# [Exercise prompt]
From the data below, repeat everything exactly except the images.

# [Input data]
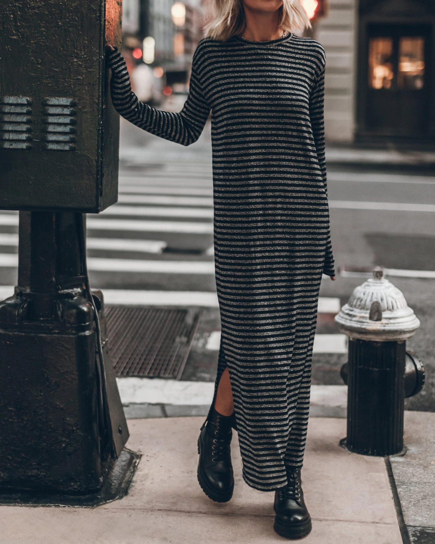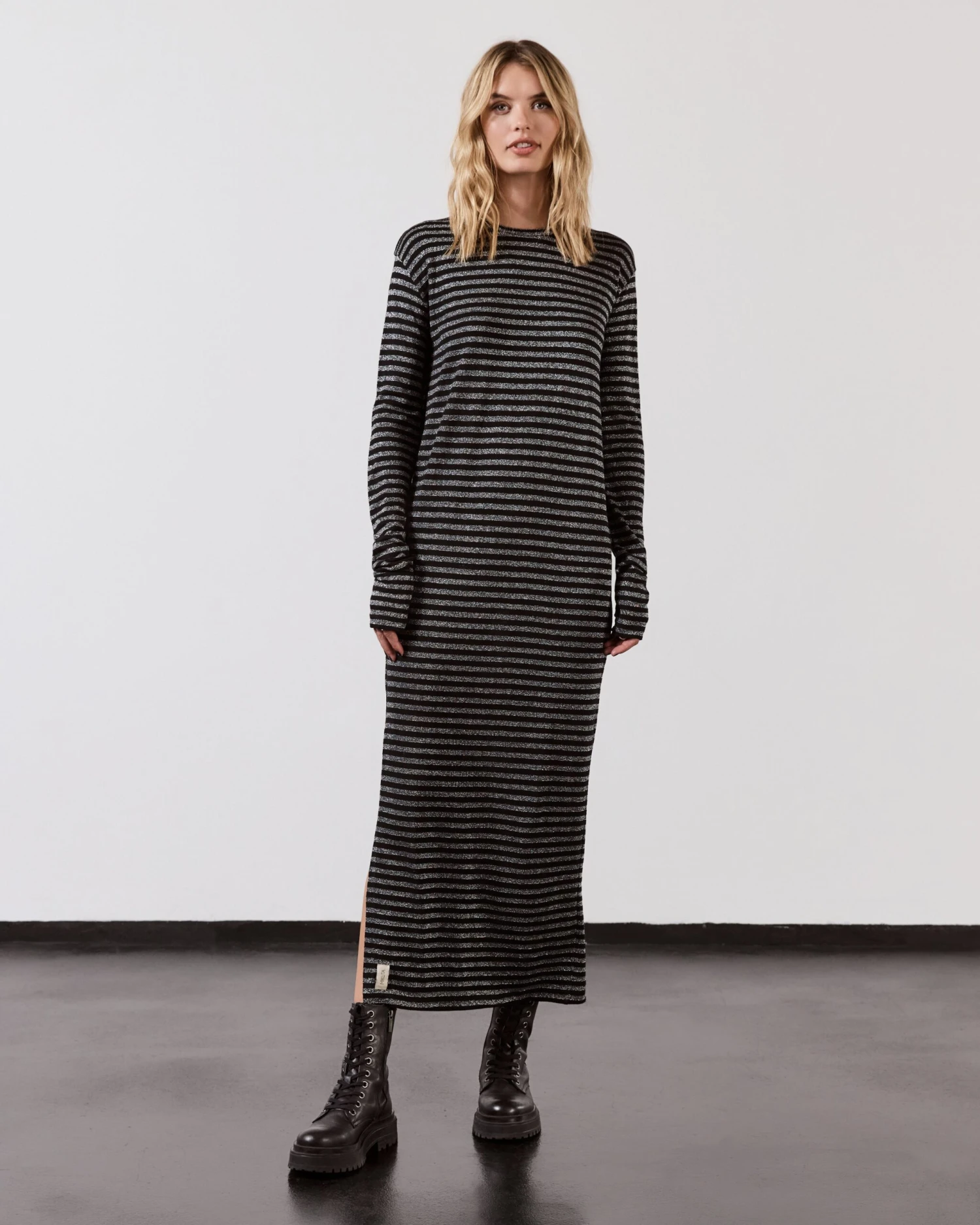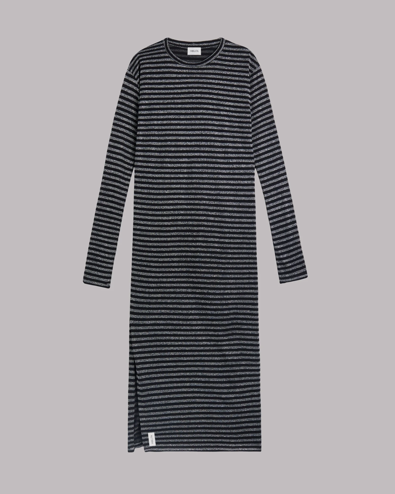 Striped long-sleeved dress in black and silver with extra long sleeves and a slit on the side.
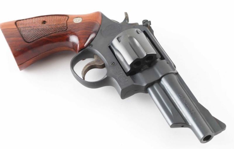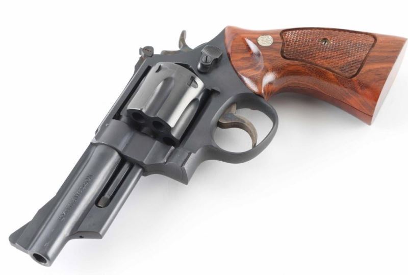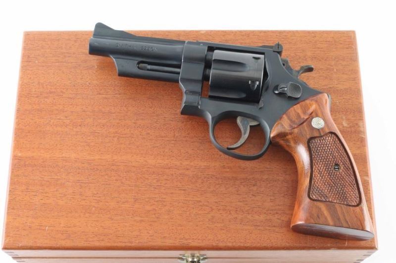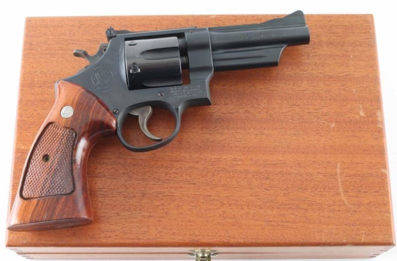 'The Highway Patrolman' double/single action revolver with pinned barrel & recessed cylinder for cartridge rims. Features service grade blued finish, checkered wood target grips with S&W medallions, 4" barrel, adjustable sights, case colored grooved narrow trigger, case colored checkered medium width spur hammer. Bore and charge holes are very good condition. Retains 95% blue with handling marks. Grips are very good condition. Action is smooth, lock-up is good. Includes hinged lid wood case with blue velvet lined plastic fitted inserts, with cleaning tools. Condition is NRA Excellent *** Modern Firearm ***
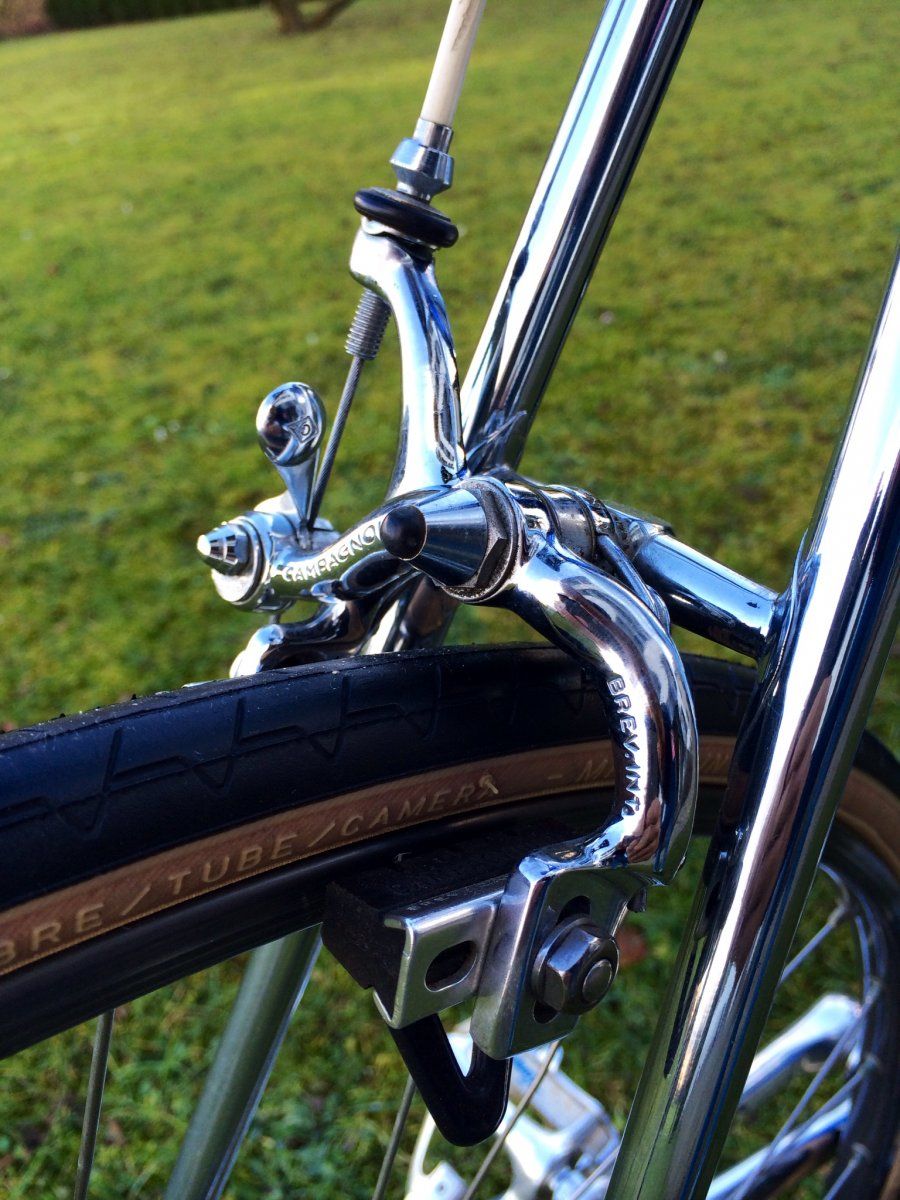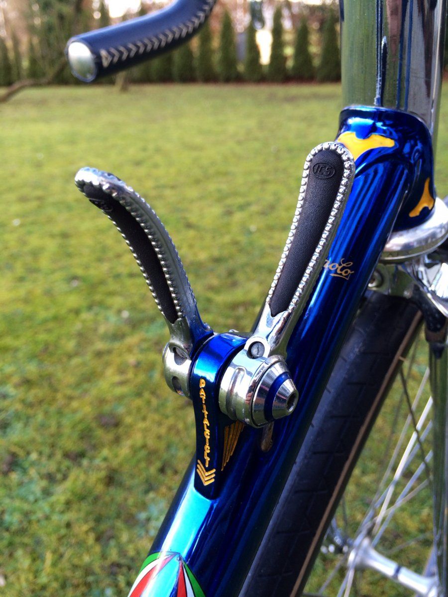 Der Cinelli-Vorbau kann dank polierter Chromoberfläche endlich als Spiegel verwendet werden, um während der langsamen Fahrt bei gutem Wetter den Teint zu überprüfen. Leider hat ICS bis zur C-Record-Serie keine Pedale getunt. Daher müssen zur Zeit diese eher unpassenden Exemplare als Ersatz dienen.

# [Result of the task]
 Striped long-sleeved dress in black and silver with extra long sleeves and a slit on the side.
 'The Highway Patrolman' double/single action revolver with pinned barrel & recessed cylinder for cartridge rims. Features service grade blued finish, checkered wood target grips with S&W medallions, 4" barrel, adjustable sights, case colored grooved narrow trigger, case colored checkered medium width spur hammer. Bore and charge holes are very good condition. Retains 95% blue with handling marks. Grips are very good condition. Action is smooth, lock-up is good. Includes hinged lid wood case with blue velvet lined plastic fitted inserts, with cleaning tools. Condition is NRA Excellent *** Modern Firearm ***
 Der Cinelli-Vorbau kann dank polierter Chromoberfläche endlich als Spiegel verwendet werden, um während der langsamen Fahrt bei gutem Wetter den Teint zu überprüfen. Leider hat ICS bis zur C-Record-Serie keine Pedale getunt. Daher müssen zur Zeit diese eher unpassenden Exemplare als Ersatz dienen.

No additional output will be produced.